Comparative study on the stem cell phenotypes of C6 cells under different culture conditions

Department of Neurosurgery and Neuro-Oncology Molecular Biology Laboratory, Tongji Hospital, Tongji Medical College, Huazhong University of Science and Technology, Wuhan, Hubei 430030, China.
Chinese medical journal (Impact Factor: 1.05). 10/2011; 124(19):3118-26. DOI: 10.3760/cma.j.issn.0366-6999.2011.19.030
Source: PubMed


Glioma stem cell (GSC) hypothesis posits that a subpopulation of cells within gliomas have true clonogenic and tumorigenic potential. Significantly, a more controversial correlate to GSC is that cells in different culture conditions might display distinct stem cell properties. Considering these possibilities, we applied an approach comparing stem cell characteristics of C6 glioma cells under different culture conditions.

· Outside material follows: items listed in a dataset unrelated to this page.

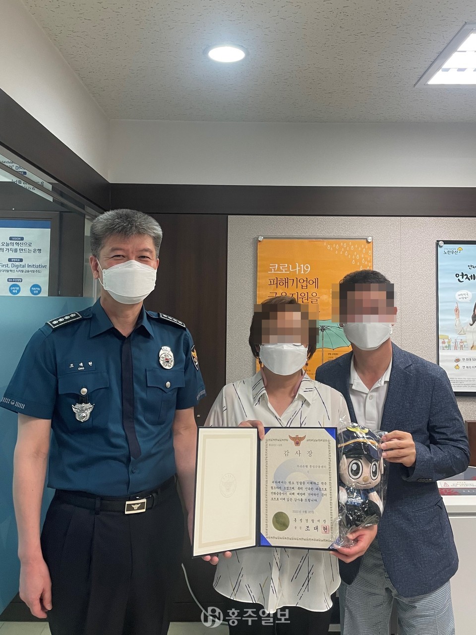 홍성경찰서(서장 조대현)는 지난 25일 우리은행 홍성금융센터를 방문해 보이스피싱 사기 피해를 예방한 직원 아무개 씨에게 감사장을 수여했다.<사진>
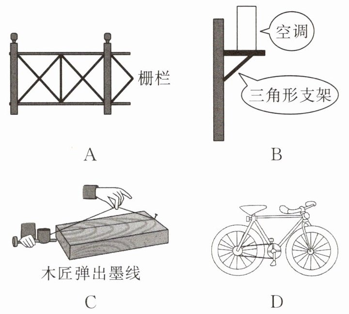 【解析】选项 A,B,D 中均利用了三角形的稳定性,选项 C 中利用的原理是两点确定一条直线.
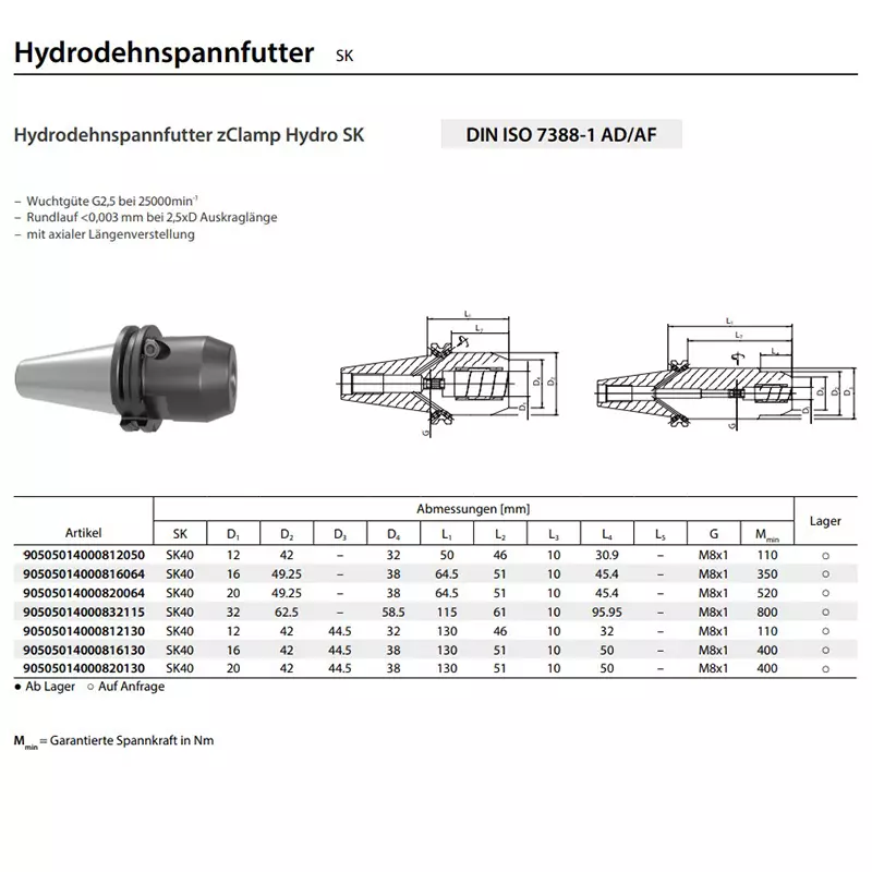 Produktinformationen " Hydrodehnspannfutter zClamp Hydro SK 40 DIN ISO 7388-1 AD/ AF "
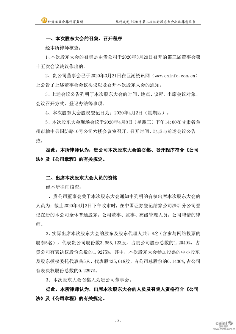 2020年第三次臨時(shí)股東大會(huì)之法律意見(jiàn)書(shū)
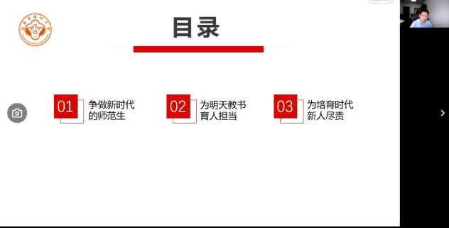 在第三部分为培育时代新人尽责中,薛教授提醒所有大一新生要做好一位老师,培育新一代首先要有理想信念,明确自己需要指导培育的是怎样的人。在讲座的最后,薛教授对新生明确的提出了树立师德,强化师能的要求,期待学生能成为有理想信念,有道德情操,有扎实学识,有仁爱之心的四有好教师。
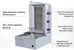 - Compact and Ergonomic Dimensions for Professional Kitchens: Measuring W555 x D635 x H910 mm, this vertical rotisserie grill is designed to fit into compact commercial kitchen spaces with ease. Weighing 25 kg, it remains stable during operation. Compatible with a 220V / 50Hz / single-phase power supply. Note: Conversion from natural gas to LPG should always be performed by a certified professional.
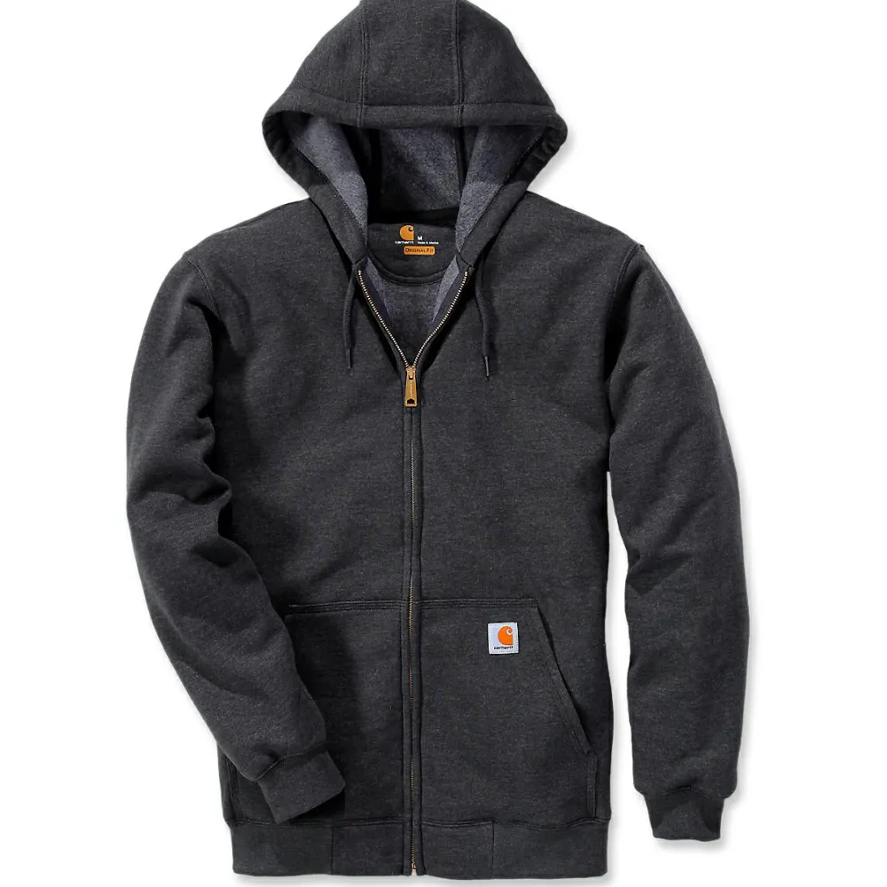 Das Zip Hooded Sweatshirt von Carhartt ist ein gemütlicher Hoodie mit weichem Fleecefutter. Er ist ideal für den Alltag geeignet und passt zu den meisten Outfits. Der Look ist klassisch und sieht einfach gut aus. Lediglich das dezente Logo an der Tasche hebt sich vom schlichten Stil ab und sorgt für einen lässigen Look. Hierdurch fügt sich der Hoodie perfekt ins Alltagsoutfit ein und passt zur Jeans ebenso wie zur Chino, Jogginghose oder Boardshort.

C6 cells were cultured under three different growth conditions, i.e., adherent growth in conventional 10% serum medium, non-adherent spheres growth in serum-free medium, as well as adherent growth on laminin-coated flask in serum-free medium. Growth characteristics were detected contrastively through neurosphere formation assay and cell cycle analysis. Markers were determined by immunofluorescence, relative-quantitative reverse transcription (RT)-PCR, Western blotting and flow cytometry. Side population cells were analyzed via flow cytometry. Tumor models were detected by magnetic resonance imaging and hematoxylin & eosin staining. Data analyses were performed with SPSS software (17.0).
C6 cells (C6-Adh, C6-SC-Sph and C6-SC-Adh) showed distinctive growth patterns and proliferation capacity. Compared to suspending C6-SC-Sph, adherent C6-Adh and C6-SC-Adh displayed higher growth ratio. C6-SC-Sph and C6-SC-Adh showed enhanced capability of neurosphere formation and self-renewal. High side population ratio was detected in C6-SC-Sph and C6-SC-Adh. CD133 was not detected in all three kinds of cells. Conversely, Nestin and β-III-tubulin were demonstrated positive, nonetheless with no statistical significance (P > 0.05). Interestingly, lower expression of glial fibrillary acidic protein was demonstrated in C6-SC-Sph and C6-SC-Adh. C6-Adh, C6-SC-Sph and C6-SC-Adh were all displayed in situ oncogenicity, while statistical difference of survival time was not confirmed.
C6 glioma cell line is endowed with some GSC phenotypes that can be moderately enriched in vitro when transferred into stem cell culture condition. The resultant tumor-spheres may be not a prerequisite or sound source of GSCs and adherent culture in stem cell medium is not a growth condition in favor of GSCs expanding in vivo.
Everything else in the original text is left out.